The principles of process safety ensure the design intent of equipment, unit, plant, procedure, and management systems are satisfied during all the stages of the project. Loss of containment of hazardous materials, unplanned energy release, and unplanned human activity may lead to unwanted consequences. Therefore, process safety methods seek to identify associated hazards and risks in order to develop appropriate measures for implementing, measuring, evaluating, and monitoring safety. Figure 12.5 graphically categorizes existing process safety methods according to their purposes. The methods are classified into five groups, namely methods to (1) identify process hazards, (2) implement safety, (3) measure process safety, (4) evaluate process safety, and (5) monitor process safety performance. As shown in the figure, the knowledge of process design, management, and systems such as monitoring, inspection, control, mitigations, safety barriers, and operating procedures are needed for the effective use of process safety methods.
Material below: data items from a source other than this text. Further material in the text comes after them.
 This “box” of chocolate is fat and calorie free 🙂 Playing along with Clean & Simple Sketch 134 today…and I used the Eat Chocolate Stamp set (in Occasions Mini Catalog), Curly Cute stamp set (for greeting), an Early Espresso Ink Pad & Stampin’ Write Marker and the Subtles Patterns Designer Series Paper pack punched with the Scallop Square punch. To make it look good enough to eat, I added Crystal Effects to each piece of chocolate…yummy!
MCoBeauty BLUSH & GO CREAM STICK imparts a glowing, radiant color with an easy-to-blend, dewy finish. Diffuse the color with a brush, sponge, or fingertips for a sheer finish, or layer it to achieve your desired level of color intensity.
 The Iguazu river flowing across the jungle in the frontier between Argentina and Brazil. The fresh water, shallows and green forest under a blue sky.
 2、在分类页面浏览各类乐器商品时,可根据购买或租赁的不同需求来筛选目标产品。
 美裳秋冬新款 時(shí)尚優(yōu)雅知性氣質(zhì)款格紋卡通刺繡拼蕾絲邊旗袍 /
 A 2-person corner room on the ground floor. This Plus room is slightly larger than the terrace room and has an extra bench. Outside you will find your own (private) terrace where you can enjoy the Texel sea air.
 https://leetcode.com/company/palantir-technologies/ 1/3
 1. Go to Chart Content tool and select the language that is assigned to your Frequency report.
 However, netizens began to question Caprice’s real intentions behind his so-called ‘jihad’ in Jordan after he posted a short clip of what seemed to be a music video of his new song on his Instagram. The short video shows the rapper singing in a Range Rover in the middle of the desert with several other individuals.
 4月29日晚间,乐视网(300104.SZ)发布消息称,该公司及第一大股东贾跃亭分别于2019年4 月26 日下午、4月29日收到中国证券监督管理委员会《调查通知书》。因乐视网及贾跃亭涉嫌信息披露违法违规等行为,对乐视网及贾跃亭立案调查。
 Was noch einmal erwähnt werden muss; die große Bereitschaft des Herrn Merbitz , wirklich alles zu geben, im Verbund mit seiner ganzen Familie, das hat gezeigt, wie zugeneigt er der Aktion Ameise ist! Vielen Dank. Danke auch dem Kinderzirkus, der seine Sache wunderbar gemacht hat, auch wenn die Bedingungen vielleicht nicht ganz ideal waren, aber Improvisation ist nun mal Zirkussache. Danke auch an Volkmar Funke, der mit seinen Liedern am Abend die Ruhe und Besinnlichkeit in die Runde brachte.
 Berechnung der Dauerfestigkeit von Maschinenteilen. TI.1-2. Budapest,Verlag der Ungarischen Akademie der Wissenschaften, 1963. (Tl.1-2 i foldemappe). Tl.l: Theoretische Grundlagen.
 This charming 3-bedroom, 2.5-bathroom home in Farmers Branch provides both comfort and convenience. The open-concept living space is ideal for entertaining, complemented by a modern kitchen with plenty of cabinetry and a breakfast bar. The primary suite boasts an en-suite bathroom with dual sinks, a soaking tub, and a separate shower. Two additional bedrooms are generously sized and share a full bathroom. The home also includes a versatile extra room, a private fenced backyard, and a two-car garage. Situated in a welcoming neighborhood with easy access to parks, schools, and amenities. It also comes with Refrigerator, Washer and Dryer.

Diagram displaying a circle divided by lines into 5 segments for methods to implement safety, methods to measure process safety, methods to evaluate process safety, methods to identify process hazards, etc.

Figure 12.5 Process safety methods and their purpose.

The methods to identify process hazards are intended to link relationships between the hazards, causes, and the potential consequences. Hazard and Operability (HAZOP) Study, Safety Review, Checklists, Failure Mode and Effect Analysis (FEMA), Failure Mode, Effect and Criticality Analysis (FMECA) and What‐If are used frequently. HAZOP, a structured method that is most used, starts with identifying a node; the keywords are used to understand the potential consequences of deviation from the design intent for that node. However, it is not suitable for identification of mechanical integrity failures and external events (Khan and Hashemi 2017). The safety review is a less rigorous study than HAZOP and intends to find initiating events that can cause incidents. It also reviews previous incidents and recommends safety measures (Crowl and Louvar 2011). Often checklists are used to identify process hazards due to ease of implementation. The effectiveness of checklist methods depends on the quality of checklists and personal experiences. The What‐If method asks “what‐if” questions of potential deviations from design intents for the cause and consequence relationships. As the name suggests, FMEA and FMECA are very structured methods, applied to critical and complex equipment at the component level, to identify the cause and effect of component failure.

After identification of the causes and consequences of potential incidents, safety measures also known as control measures or barriers need to be implemented to prevent the incident from occurring. The barrier strategy can be classified into three categories. Inherently Safer Design is the first category, which is highly effective and uses the principle of elimination, substitution, minimization, and moderation of hazards. Engineering barriers, also recategorized as passive and active barriers, are the second choice in implementing safety barriers. Passive barriers do not require any human interventions, and therefore the effectiveness of preventing an incident is much higher, e.g., dikes, firewalls, gravity drains, flame arrestors. Control systems, shut‐down systems, and relief devices are considered active barriers. Finally, administrative barriers such as rules, standard operating procedures, and training are considered in implementing safety.

The risk is used as a measure of safety, which is defined as the combination of the probability of a certain scenario combined with a certain consequence. Existing risk assessment methods can be classified as: a) quantitative—e.g., Event Trees, Fault Trees, Bow‐tie, Bayesian Network; b) semiquantitative—e.g., Layer of Protection Analysis (LOPA); and c) qualitative—e.g., Risk Matrix. In quantitative risk assessment (QRA), both the probability of the incident and the associated consequences are estimated quantitatively. In semiquantitative risk assessment, usually the probability estimation is quantitative, and the consequence is determined qualitatively. Both the probability and the consequences are estimated qualitatively for a qualitative risk assessment, and acceptability of risk is determined by comparing to a risk matrix. The assessed risk is evaluated to choose whether it is acceptable for the plant personnel, public, or environmental damage. There are no universal criteria for evaluating risk. Existing practice includes a demonstration that the adopted barriers reduce risk to a level called As‐Low‐As‐Reasonably‐Practicable (ALARP). In LOPA, the criteria of acceptable risk are defined based on the company's tolerable risk criteria. Safety Integrity Level (SIL) target assessment further studies the risk reduction credited for the implementations of safety instrumented functions (SIF).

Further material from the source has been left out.